4. On 7 October 2022, the claimant was granted leave to remain as a Family Member under Appendix FM of the Immigration Rules as a parent under the 10-year route to settlement.
5. By e-mail dated 18 November 2022, the claimant’s legal representatives (Charles Simmons Immigration Solicitors) informed the UT that the claimant wished to withdraw his appeal as he had recently been granted leave to remain. A letter dated 17 October 2022 and signed by the claimant was attached confirming that position.
6. On 21 November 2022, a UT lawyer informed the parties that the appeal hearing would go ahead as the Secretary of State wished to proceed with her appeal.
7. On 24 November 2022, a further email from the claimant’s representatives again confirmed that the claimant did not wish to proceed with the appeal and that they were no longer instructed in the appeal matter.
8. On 8 December 2022, the appeal was listed for hearing at the Cardiff Civil Justice Centre. The claimant did not attend and was not represented. The Secretary of State was represented by Ms Rushforth. The claimant having been given notice of the hearing and in the light of the representatives’ correspondence with the UT, I considered it in the interests of justice to proceed with the hearing in the absence of the claimant under rule 38 of the Tribunal Procedure (Upper Tribunal) Rules 2008 (SI 2008/2698 as amended) (“the Procedure Rules 2008”).
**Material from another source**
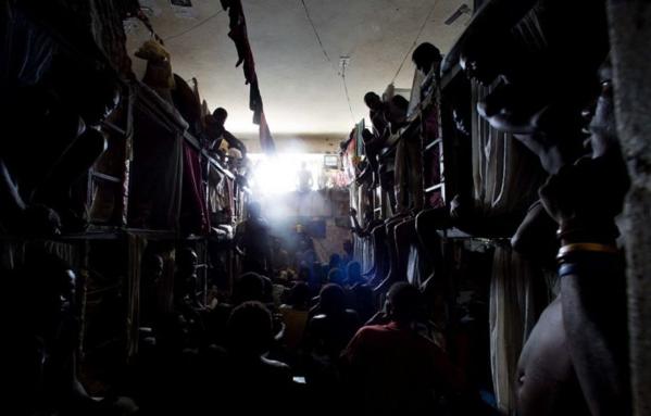 据英国《每日邮报》报道,近日,一组关于海地国家监狱的照片曝光,囚犯们在拥挤脏乱的国家监狱里生活,忍受着营养不良和传染病的折磨,恶劣的环境已经导致海地监狱里的囚犯死亡人数急剧上升,仅上个月就有21名囚犯死亡。图为囚犯们挤在阴暗狭小的牢房里看电视。电视是囚犯们自己凑钱买来的。

9. Ms Rushforth relied on the grounds and the UT’s decision in Celik (EU exit, marriage, human rights) [2022] UKUT 220 (IAC) and invited me to conclude that the judge had erred in law in allowing the appeal under the EUSS and she invited me to re-make the decision dismissing the appeal.
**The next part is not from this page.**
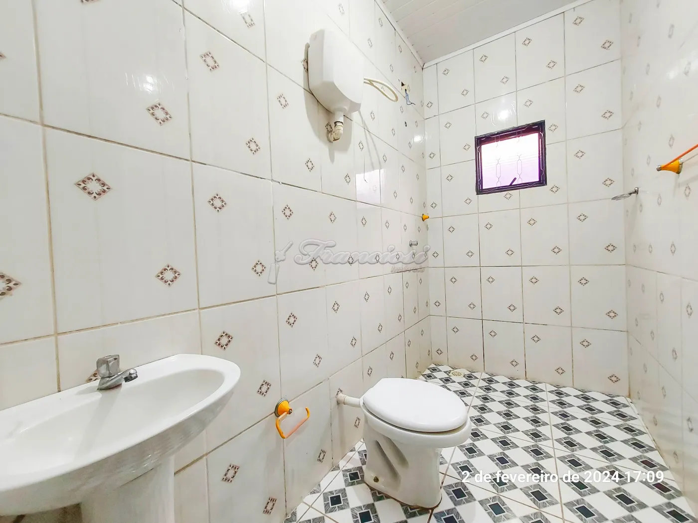 Casa com 1 dormitório, cozinha, 1 banheiro social, área de serviço coberta e quintal cimentado. Sem garagem. Acabamento: Piso vermelhão, piso frio, taco, azulejo da cozinha pela metade e do banheiro até o teto.

10. The fact that the claimant has been granted leave to remain does not result in his appeal being treated as abandoned under s.104(4) of the Nationality, Immigration and Asylum Act 2002 (as amended) because that provision is not applicable in appeals under the 2020 Regulations against EUSS decisions (see reg 11 and Sched 2 to the 2020 Regulations). Likewise, the specific abandonment provisions in reg 13 of the 2020 Regulations only apply to a person granted leave under the “residence scheme immigration rules” as defined in s.17(1) of the European Union (Withdrawal Agreement) Act 2020 which, in effect, means the EUSS or immigration rules relating to withdrawal from the EU. That does not include Appendix FM of the Rules under which the claimant was granted leave.
11. The claimant has sought to withdraw his appeal. He cannot, of course, do so because it is the Secretary of State’s appeal in the UT. I understand his position to be that he does not wish to pursue his appeal and to that extent HE wishes to withdraw his “case” defending the FtT’s decision under rule 17. I consent to that under rule 17(2) of the Procedure Rules 2008.
12. I have set out the Secretary of State’s position in para 3 above. I agree with it and I accept Ms Rushforth’s submissions that, following Celik, the claimant could not succeed under the EUSS or rely upon any breach of the Withdrawal Agreement (see Celik at [52]-[53], [64] and [74]). He has not been issued with the required residence card as a “durable partner” under the EEA Regulations 2016 nor was he seeking “facilitation” by having a pending application made prior to 31 December 2020. Those were the only relevant grounds of appeal under reg 8 of the 2020 Regulations. The claimant’s appeal should, therefore, have been dismissed by the judge. The judge erred in law in allowing the claimant’s appeal under the 2020 Regulations. I set aside that decision and re-make it dismissing the appeal.

13. For these reasons, the decision of the FtT to allow the claimant’s appeal involved the making of an error of law. I set that decision aside.
14. I remake the decision dismissing the claimant’s appeal under the 2020 Regulations.